Bronchial cysts do occur usually extrapulmonary (most often within mediastinum), rarely within the lung. They are characterized by a cystic space covered by bronchial epithelium, usually with well-formed muscular layer. Cartilage most often is present. There is no peripheral lung tissue present (Fig. 3.28). It might be assumed that bronchial cysts represent supernumerary bronchi of the ontogenesis of the lung, not having been abolished by apoptosis during bronchial budding. In several mammals but also birds (sheep, goat, etc.), there exist a mediastinal lung lobe, the bronchus arising directly from the trachea. Since the lung development is recapitulated during morphogenesis, it might be that this bronchus persists, looses its communication with the trachea, and finally transforms into a cyst.

Congenital lobar emphysema (corresponding to Stocker’s CPAM type IV) is inborn or acquired emphysema for which no cause has been defined. It is similar to panacinar emphysema in adults, showing an even distension of alveoli. However, it affects only lung lobes or segments, not the whole lung (Fig. 3.29). Symptoms are caused by compression of the adjacent lung lobes. Newborn will present with hypoxia. A resection usually cures the patient, because the other lobes will expand and later on grow, and thus replaces what was resected.

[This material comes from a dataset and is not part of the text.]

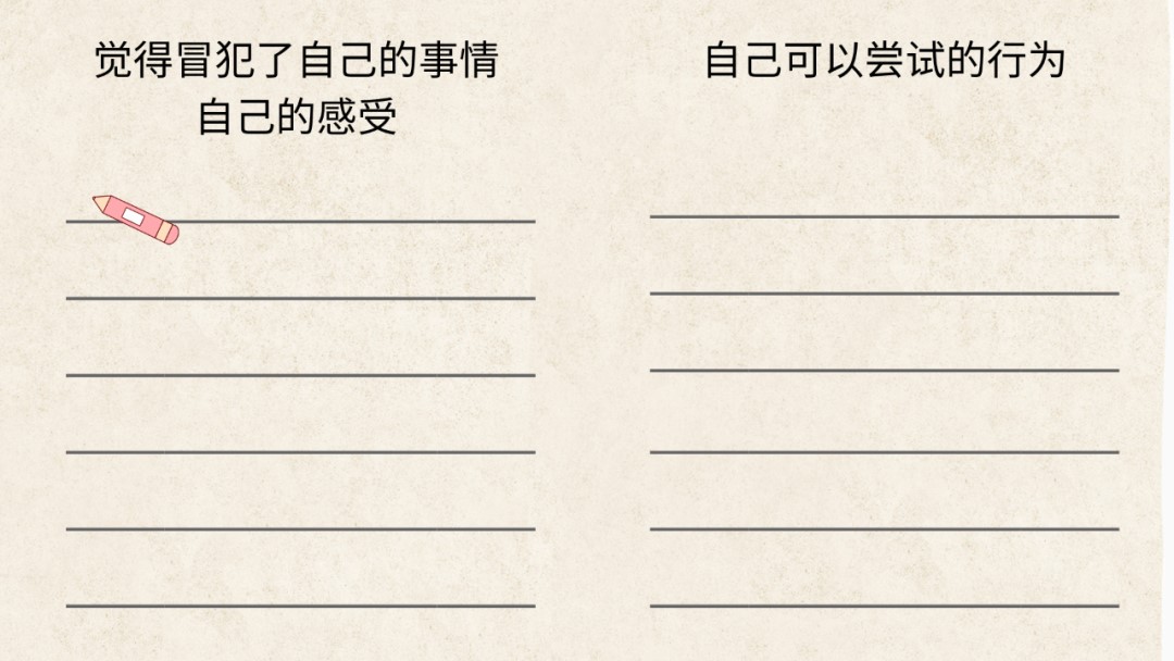推荐表达情绪的方法: 尝试列举出觉得自己被冒犯了边界的事情,从小事开始学会表达自己的情绪感受。

William–Campbell syndrome is characterized by the absence or malformation of cartilages in peripheral bronchi. The cartilages in the trachea and main bronchi are normally developed; however, below the segmental bronchi, the cartilages are either totally absent or ill developed. This causes bronchial collapse during expiration and symptoms of bronchial obstruction in a very young-aged population. The diagnosis even on VATS biopsies is not easy, because VATS take usually peripheral lung tissue below the order of segmental or subsegmental bronchi (see schema below). Therefore, in these tissues, only small bronchi, which normally have ill-formed cartilage or none at all, are seen. Therefore, before the biopsy is taken, the thoracic surgeon needs to be advised, to take a tissue fragment, which contains at least one subsegmental bronchus. Also the largest bronchus should be marked, so that the tissue can be cut vertically to get cross sections of the bronchus.

Schema: Normally VATS biopsies are shallow and therefore only small bronchi and bronchioles are included as in schema A; for WC syndrome a steep section is required to get larger bronchi into the specimen as in B; in addition the tip containing the largest bronchus should be marked.

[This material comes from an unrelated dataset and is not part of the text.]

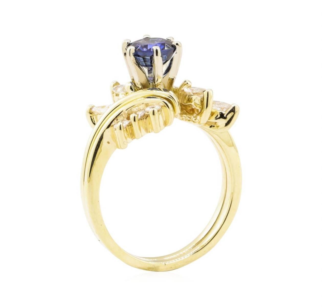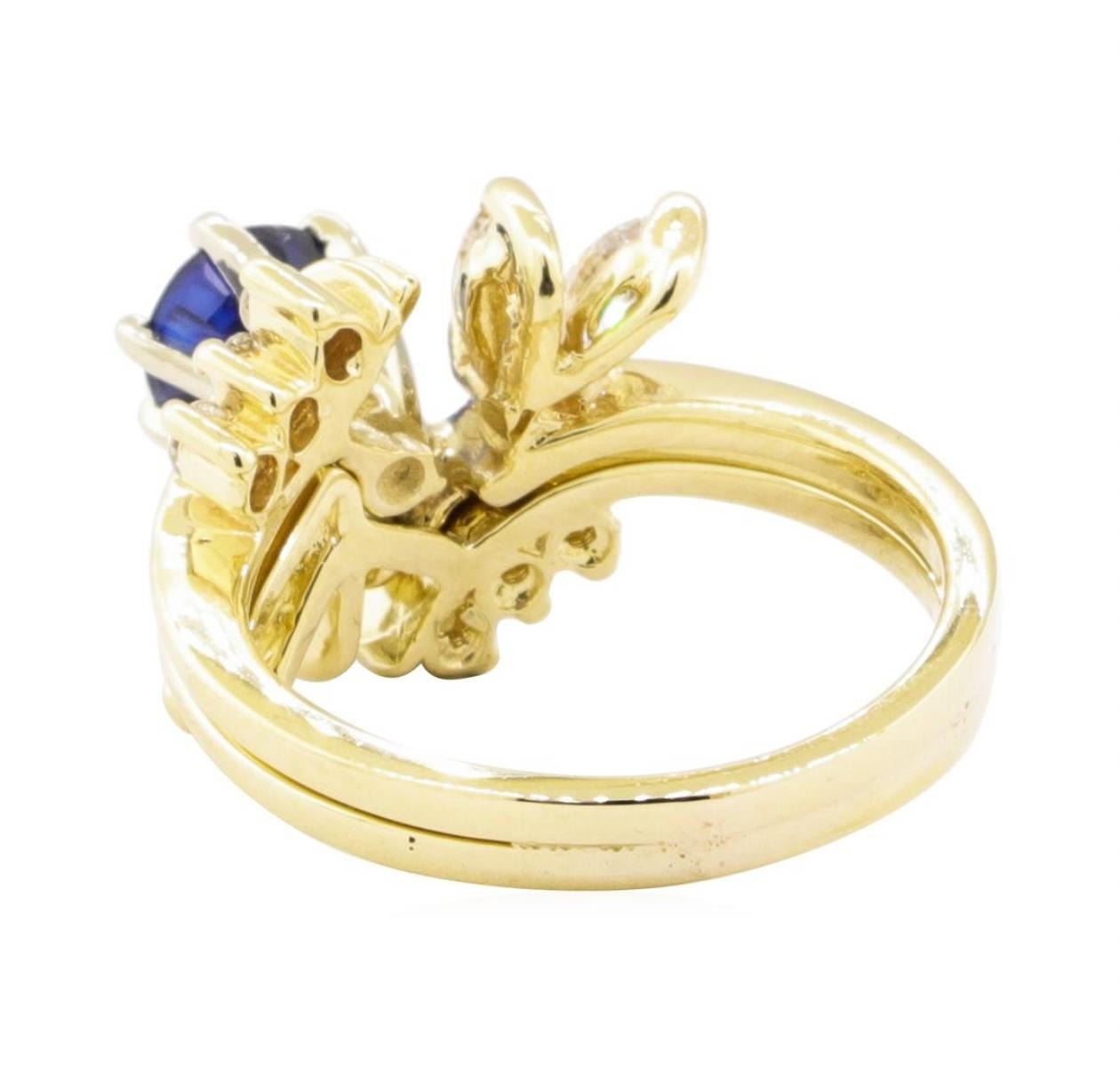 One ring featuring: 14KT yellow gold weighing 5.1 grams containing one blue sapphire weighing 0.88ct and diamonds weighing 0.50ctw.

Histologically there might be no cartilage in a medium-sized bronchus or ill-developed immature cartilage islands (Fig. 3.30). These immature cartilage islands are most helpful in establishing the correct diagnosis.

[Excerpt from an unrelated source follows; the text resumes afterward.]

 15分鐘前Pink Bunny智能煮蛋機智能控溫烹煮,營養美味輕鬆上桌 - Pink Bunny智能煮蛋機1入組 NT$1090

Mounier–Kuhn syndrome (tracheobronchopulmonary megaly) is characterized by large dilated central bronchi and trachea. There is usually a degeneration of elastic fibers within the bronchial mucosa. All other elements are normal. From the subsegmental bronchi downward, the structure of the lung is normal. The clinician will report about an unusual wideness of the main bronchial system (Fig. 3.31). The patients will suffer from obstructive symptoms. In some cases a functional stenosis of the esophagus can be the dominant symptom. The disease is found in a young-aged population. Insertions of a stent might help in preventing airflow impairment.

Birt–Hogg–Dube (BHD) syndrome is a rare inherited genodermatosis characterized by distinctive cutaneous lesions, an increased risk of renal and colonic neoplasia, and the development of pleuropulmonary blebs and cysts. Within the lung with a predominant basal location, cysts are seen surrounded by normal lung parenchyma. These cysts present with thin fibrous walls and are a source of pneumothorax. Other cystic lesions may radiologically mimic BHD [52].